In order for Timeless to build a liquid yield market, we need to ensure that users can swap between PYT, NYT, and the underlying asset with minimal price impact.
This presents a challenge, because nearly all existing decentralized exchanges (e.g. Uniswap) only support two-token liquidity pools, meaning if we naively use existing exchanges we have to split liquidity between two pools, increasing price impact for users. If we built our own exchange, we'd be giving up the benefits of using existing infrastructure.
Furthermore, the prices of PYT and NYT are known to be within a small range (0-1 in terms of the underlyin asset), so if we used a full-range exchange such as Sushiswap or Balancer, the capital efficiency will be extremely low.
Fortunately, we have a solution that avoids all of these issues.
How it works
Timeless uses Uniswap v3 as the underlying exchange. Liquidity providers provide xPYT⟷NYT liquidity.
When users initiate a swap, they interact with a Swapper contract.

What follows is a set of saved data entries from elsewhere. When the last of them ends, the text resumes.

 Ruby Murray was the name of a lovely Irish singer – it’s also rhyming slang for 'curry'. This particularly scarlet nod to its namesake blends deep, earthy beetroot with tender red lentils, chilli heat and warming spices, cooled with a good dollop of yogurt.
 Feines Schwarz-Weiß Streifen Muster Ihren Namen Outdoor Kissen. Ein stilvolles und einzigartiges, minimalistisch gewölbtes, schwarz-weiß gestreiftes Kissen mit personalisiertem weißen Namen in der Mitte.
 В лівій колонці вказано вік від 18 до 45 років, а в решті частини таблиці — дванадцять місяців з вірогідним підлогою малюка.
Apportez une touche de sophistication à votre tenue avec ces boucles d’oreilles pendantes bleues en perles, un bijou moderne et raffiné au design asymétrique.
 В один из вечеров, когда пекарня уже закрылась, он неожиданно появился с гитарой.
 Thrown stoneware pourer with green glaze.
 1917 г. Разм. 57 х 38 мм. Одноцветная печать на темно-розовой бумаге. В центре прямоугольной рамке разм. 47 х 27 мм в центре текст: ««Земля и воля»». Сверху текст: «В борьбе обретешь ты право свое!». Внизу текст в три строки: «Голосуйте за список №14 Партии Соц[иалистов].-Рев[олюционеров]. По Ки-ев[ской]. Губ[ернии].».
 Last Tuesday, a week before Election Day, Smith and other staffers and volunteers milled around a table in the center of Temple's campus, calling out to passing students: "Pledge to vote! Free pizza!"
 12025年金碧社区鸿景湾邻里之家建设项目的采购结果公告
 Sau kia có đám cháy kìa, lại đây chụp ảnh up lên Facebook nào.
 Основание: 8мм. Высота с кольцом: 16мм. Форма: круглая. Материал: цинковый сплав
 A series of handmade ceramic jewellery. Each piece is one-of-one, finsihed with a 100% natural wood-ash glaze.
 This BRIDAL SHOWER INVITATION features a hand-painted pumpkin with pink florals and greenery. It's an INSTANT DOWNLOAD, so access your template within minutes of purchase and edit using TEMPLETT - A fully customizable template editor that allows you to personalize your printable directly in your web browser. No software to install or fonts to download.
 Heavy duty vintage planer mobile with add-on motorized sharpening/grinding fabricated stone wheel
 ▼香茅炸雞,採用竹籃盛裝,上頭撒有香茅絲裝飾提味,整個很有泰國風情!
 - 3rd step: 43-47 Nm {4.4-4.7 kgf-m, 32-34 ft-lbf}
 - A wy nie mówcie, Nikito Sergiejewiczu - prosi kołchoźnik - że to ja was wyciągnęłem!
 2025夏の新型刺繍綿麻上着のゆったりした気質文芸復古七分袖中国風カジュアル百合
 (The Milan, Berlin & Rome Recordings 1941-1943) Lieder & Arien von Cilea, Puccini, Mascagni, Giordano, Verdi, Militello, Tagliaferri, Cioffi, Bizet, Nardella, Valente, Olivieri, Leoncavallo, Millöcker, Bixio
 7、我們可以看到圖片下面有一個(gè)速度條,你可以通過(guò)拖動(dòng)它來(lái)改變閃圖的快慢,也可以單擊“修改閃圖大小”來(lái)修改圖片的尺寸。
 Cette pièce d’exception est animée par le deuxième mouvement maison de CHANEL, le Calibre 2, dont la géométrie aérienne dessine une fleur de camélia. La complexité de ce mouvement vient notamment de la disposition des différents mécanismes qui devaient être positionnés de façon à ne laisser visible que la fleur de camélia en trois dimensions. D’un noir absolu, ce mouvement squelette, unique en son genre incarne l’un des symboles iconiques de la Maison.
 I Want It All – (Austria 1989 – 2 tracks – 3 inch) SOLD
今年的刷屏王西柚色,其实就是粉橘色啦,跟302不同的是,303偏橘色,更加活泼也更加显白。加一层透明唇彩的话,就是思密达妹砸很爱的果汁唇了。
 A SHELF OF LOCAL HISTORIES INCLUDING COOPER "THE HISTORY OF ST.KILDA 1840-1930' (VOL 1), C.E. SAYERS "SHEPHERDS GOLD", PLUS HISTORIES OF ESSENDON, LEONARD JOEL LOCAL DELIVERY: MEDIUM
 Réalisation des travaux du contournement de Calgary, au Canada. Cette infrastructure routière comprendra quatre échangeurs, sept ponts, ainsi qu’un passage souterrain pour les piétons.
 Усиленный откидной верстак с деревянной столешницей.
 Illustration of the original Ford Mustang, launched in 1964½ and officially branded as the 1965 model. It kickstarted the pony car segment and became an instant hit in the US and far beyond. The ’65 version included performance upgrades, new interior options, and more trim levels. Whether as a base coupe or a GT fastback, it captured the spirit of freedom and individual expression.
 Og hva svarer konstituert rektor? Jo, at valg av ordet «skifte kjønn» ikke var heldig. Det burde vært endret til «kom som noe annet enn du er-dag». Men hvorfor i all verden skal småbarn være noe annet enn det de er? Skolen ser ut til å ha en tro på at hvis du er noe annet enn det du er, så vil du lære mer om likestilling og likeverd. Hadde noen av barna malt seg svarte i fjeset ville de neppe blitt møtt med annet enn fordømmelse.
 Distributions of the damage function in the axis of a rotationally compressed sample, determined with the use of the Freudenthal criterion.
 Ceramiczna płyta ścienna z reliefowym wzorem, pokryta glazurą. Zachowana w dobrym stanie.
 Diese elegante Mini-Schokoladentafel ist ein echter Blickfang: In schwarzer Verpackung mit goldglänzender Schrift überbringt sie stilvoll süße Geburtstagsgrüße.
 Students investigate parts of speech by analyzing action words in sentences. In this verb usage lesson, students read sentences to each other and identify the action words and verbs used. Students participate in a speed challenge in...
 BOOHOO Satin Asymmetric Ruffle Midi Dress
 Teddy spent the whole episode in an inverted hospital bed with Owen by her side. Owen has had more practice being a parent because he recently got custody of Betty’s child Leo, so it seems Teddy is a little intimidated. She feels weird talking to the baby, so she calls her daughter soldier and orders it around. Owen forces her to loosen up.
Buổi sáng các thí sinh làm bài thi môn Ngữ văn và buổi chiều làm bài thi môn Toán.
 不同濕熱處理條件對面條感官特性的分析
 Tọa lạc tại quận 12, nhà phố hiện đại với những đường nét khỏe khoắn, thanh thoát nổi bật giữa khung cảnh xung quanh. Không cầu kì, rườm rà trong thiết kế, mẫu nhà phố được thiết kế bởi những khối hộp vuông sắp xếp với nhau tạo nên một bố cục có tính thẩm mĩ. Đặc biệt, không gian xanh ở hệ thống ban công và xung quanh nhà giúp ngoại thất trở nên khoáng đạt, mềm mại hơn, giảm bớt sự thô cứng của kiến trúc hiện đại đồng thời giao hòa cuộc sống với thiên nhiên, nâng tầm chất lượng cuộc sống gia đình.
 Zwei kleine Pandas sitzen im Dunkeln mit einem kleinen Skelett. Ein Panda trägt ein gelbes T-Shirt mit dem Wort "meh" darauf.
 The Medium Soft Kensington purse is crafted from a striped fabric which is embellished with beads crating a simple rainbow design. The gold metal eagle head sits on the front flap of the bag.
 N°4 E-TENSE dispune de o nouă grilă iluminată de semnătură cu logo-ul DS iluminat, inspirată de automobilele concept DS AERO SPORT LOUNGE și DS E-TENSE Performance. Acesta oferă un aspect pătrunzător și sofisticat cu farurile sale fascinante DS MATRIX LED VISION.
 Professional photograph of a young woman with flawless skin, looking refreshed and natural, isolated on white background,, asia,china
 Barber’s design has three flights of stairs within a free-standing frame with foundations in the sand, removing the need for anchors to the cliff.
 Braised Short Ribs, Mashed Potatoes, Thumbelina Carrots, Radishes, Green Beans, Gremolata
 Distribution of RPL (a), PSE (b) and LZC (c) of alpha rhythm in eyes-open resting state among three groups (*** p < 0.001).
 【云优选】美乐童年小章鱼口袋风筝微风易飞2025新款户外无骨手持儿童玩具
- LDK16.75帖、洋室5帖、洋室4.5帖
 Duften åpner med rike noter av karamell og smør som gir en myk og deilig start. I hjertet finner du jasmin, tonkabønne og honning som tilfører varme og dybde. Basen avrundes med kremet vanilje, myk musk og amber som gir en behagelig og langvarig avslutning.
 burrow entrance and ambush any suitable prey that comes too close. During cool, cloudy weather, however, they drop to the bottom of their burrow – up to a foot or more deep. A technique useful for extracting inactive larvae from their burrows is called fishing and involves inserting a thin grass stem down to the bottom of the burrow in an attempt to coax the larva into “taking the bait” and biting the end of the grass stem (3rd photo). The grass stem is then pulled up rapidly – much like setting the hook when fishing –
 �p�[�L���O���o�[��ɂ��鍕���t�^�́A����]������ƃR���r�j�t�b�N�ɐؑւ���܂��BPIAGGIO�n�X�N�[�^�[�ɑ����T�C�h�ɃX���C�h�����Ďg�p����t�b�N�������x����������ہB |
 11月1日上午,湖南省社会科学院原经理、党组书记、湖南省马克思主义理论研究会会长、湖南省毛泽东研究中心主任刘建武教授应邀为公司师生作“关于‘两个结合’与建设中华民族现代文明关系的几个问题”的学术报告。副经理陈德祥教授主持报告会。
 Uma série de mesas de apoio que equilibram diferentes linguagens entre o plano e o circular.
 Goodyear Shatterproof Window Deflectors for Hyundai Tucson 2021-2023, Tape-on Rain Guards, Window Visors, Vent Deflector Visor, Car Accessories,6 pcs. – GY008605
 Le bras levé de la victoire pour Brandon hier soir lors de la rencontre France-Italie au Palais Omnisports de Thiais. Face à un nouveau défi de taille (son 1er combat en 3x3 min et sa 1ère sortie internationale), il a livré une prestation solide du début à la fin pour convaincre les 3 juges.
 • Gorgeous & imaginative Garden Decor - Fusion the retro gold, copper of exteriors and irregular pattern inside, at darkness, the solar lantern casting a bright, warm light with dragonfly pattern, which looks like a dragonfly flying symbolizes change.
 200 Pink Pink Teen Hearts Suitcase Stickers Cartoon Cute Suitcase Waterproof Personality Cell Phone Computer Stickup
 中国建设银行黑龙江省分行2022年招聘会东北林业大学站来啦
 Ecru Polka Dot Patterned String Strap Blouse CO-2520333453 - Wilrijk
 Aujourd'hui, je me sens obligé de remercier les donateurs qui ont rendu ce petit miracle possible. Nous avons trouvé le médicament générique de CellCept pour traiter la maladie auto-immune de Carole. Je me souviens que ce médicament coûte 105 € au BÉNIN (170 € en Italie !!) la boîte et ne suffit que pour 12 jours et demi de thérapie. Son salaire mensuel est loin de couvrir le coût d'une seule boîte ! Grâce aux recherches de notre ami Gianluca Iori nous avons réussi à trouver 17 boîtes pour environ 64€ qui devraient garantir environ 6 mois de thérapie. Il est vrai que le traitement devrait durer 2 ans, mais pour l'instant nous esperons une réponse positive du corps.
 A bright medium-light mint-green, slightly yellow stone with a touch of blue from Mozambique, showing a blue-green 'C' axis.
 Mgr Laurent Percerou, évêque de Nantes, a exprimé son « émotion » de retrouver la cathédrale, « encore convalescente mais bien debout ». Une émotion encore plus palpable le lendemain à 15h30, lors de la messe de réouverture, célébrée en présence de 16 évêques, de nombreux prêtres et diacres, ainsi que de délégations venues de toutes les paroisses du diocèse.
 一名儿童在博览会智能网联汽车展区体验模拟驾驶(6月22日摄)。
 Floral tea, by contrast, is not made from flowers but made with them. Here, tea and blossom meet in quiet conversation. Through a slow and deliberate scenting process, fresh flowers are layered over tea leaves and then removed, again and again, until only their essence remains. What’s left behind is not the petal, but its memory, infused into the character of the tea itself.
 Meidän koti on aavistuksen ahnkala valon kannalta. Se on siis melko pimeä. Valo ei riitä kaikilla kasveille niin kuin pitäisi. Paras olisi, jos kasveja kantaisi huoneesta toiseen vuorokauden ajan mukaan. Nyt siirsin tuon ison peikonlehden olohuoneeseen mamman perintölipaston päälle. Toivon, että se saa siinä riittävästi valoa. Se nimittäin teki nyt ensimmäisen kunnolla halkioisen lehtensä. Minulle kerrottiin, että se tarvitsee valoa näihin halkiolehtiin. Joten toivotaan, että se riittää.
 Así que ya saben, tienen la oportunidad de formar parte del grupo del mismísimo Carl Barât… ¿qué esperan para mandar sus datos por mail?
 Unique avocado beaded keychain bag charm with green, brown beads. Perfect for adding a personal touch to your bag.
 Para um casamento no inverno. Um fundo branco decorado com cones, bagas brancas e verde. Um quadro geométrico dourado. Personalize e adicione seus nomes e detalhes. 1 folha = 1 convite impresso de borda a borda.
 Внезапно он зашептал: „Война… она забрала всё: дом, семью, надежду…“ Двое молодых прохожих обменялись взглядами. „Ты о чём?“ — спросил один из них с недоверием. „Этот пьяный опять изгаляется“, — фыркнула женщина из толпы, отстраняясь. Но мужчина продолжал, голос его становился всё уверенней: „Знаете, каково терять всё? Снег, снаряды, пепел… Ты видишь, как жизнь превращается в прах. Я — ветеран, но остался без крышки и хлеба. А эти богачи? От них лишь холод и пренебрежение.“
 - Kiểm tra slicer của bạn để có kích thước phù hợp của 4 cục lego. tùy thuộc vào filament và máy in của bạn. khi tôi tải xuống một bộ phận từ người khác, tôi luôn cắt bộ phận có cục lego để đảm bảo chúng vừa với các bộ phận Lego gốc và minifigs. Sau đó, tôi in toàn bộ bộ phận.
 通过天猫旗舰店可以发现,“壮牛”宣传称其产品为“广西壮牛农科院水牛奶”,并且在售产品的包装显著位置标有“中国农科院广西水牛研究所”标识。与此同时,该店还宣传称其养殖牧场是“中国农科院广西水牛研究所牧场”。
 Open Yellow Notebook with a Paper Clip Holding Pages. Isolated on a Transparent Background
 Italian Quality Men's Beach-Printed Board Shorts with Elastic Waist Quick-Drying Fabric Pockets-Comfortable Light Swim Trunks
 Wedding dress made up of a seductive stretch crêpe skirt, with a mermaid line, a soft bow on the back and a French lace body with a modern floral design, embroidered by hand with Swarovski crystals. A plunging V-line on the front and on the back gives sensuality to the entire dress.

When a user swaps from the underlying asset to xPYT / NYT, the Swapper uses the underlying to mint xPYT and NYT, and then sells the undesired token on the exchange.
When a user swaps from xPYT / NYT to the underlying asset, the Swapper does a swap on the exchange and then burn the xPYT and NYT together into the underlying asset.
- Capital-efficient: Uniswap v3 enables providing concentrated liquidity, meaning Timeless LPs can provide liquidity only to price ranges that can actually be reached.
- Low price impact: Minting/burning PYT & NYT has zero price impact, meaning the overall price impact of a swap is minimized (compared to directly using an exchange).
- Uses existing infrastructure: Not reinventing the wheel means Timeless can more easily fit into the existing DeFi landscape and not do unnecessary work.